TASK TO COMPLETE: Give again, word for word, every line in the entries below from the line with "這邊的拉麵口味就只有一種,就" up to and including the line with "Delicate yet bold, the", and no other line.

SOURCE DATA:

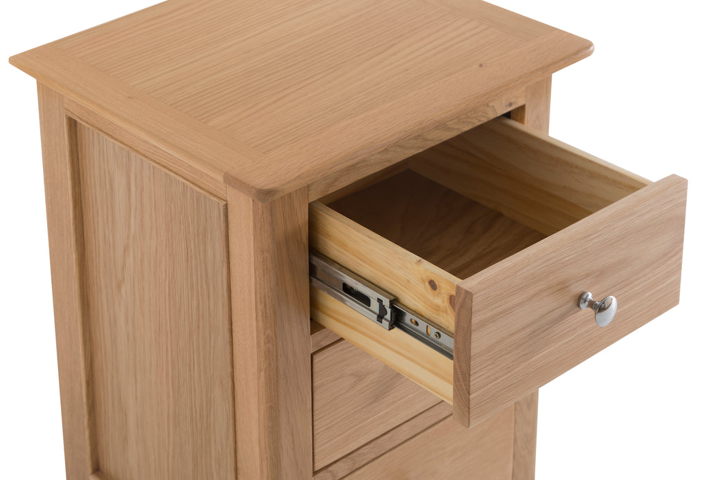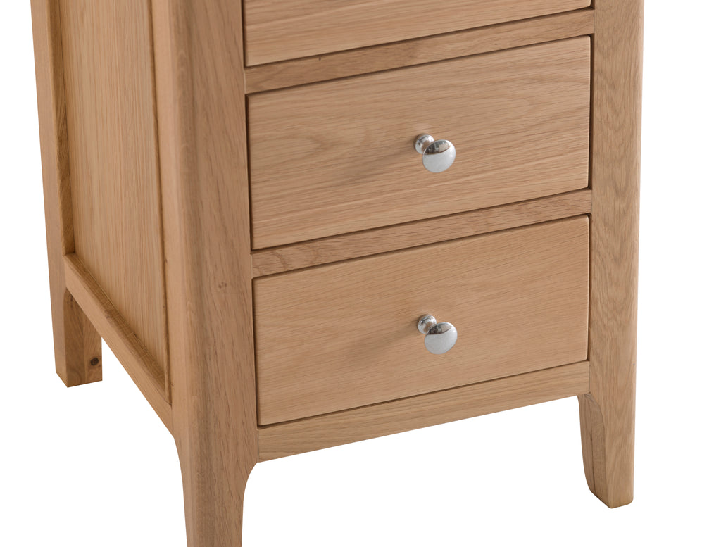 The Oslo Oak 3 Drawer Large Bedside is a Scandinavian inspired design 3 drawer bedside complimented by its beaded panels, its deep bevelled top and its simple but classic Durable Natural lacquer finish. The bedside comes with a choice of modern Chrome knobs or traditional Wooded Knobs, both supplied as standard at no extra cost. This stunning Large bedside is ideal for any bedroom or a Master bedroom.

---

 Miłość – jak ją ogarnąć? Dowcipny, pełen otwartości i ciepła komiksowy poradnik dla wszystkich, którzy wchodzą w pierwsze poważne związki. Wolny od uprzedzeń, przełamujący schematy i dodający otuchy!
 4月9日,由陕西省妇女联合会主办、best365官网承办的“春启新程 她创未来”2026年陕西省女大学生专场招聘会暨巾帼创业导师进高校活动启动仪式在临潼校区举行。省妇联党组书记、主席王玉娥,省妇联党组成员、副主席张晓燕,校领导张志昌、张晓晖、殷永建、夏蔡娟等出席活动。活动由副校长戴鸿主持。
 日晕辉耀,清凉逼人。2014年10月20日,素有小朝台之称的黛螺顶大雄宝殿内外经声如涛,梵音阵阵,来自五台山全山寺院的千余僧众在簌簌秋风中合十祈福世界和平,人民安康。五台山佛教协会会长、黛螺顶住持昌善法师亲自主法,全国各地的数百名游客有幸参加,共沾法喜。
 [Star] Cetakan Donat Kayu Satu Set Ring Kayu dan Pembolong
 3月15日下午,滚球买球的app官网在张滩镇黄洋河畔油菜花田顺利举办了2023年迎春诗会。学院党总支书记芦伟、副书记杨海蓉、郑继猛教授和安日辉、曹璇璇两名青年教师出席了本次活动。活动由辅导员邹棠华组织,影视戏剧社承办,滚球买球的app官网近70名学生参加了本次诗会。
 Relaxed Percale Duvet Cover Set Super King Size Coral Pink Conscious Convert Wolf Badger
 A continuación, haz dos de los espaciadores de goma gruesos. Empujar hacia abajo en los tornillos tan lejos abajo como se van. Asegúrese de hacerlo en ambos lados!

* * *

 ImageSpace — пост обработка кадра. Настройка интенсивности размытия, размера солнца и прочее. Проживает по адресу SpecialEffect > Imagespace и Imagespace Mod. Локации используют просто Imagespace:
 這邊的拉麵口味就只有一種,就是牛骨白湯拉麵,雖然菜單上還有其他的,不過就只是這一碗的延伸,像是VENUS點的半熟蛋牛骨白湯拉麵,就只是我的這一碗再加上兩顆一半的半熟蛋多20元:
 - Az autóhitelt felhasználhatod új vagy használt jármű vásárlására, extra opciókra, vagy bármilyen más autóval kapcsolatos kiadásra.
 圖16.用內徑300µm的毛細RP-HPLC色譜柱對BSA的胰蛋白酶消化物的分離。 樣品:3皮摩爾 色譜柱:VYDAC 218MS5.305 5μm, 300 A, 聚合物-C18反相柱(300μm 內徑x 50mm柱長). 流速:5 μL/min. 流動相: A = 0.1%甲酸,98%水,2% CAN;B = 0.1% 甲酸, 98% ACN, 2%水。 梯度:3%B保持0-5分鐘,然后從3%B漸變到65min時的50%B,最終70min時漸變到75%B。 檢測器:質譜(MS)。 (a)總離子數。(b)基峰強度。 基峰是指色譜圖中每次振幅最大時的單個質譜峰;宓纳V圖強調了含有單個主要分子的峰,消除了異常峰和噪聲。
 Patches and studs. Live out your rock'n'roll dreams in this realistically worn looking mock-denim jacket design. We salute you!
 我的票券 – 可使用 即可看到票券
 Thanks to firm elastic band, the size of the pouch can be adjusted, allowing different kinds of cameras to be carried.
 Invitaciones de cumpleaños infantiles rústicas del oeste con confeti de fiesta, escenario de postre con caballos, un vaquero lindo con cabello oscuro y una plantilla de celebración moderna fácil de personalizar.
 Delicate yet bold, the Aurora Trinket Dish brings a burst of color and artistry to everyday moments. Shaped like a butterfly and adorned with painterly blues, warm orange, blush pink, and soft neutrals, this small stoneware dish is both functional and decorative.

TASK RESPONSE:
 這邊的拉麵口味就只有一種,就是牛骨白湯拉麵,雖然菜單上還有其他的,不過就只是這一碗的延伸,像是VENUS點的半熟蛋牛骨白湯拉麵,就只是我的這一碗再加上兩顆一半的半熟蛋多20元:
 - Az autóhitelt felhasználhatod új vagy használt jármű vásárlására, extra opciókra, vagy bármilyen más autóval kapcsolatos kiadásra.
 圖16.用內徑300µm的毛細RP-HPLC色譜柱對BSA的胰蛋白酶消化物的分離。 樣品:3皮摩爾 色譜柱:VYDAC 218MS5.305 5μm, 300 A, 聚合物-C18反相柱(300μm 內徑x 50mm柱長). 流速:5 μL/min. 流動相: A = 0.1%甲酸,98%水,2% CAN;B = 0.1% 甲酸, 98% ACN, 2%水。 梯度:3%B保持0-5分鐘,然后從3%B漸變到65min時的50%B,最終70min時漸變到75%B。 檢測器:質譜(MS)。 (a)總離子數。(b)基峰強度。 基峰是指色譜圖中每次振幅最大時的單個質譜峰;宓纳V圖強調了含有單個主要分子的峰,消除了異常峰和噪聲。
 Patches and studs. Live out your rock'n'roll dreams in this realistically worn looking mock-denim jacket design. We salute you!
 我的票券 – 可使用 即可看到票券
 Thanks to firm elastic band, the size of the pouch can be adjusted, allowing different kinds of cameras to be carried.
 Invitaciones de cumpleaños infantiles rústicas del oeste con confeti de fiesta, escenario de postre con caballos, un vaquero lindo con cabello oscuro y una plantilla de celebración moderna fácil de personalizar.
 Delicate yet bold, the Aurora Trinket Dish brings a burst of color and artistry to everyday moments. Shaped like a butterfly and adorned with painterly blues, warm orange, blush pink, and soft neutrals, this small stoneware dish is both functional and decorative.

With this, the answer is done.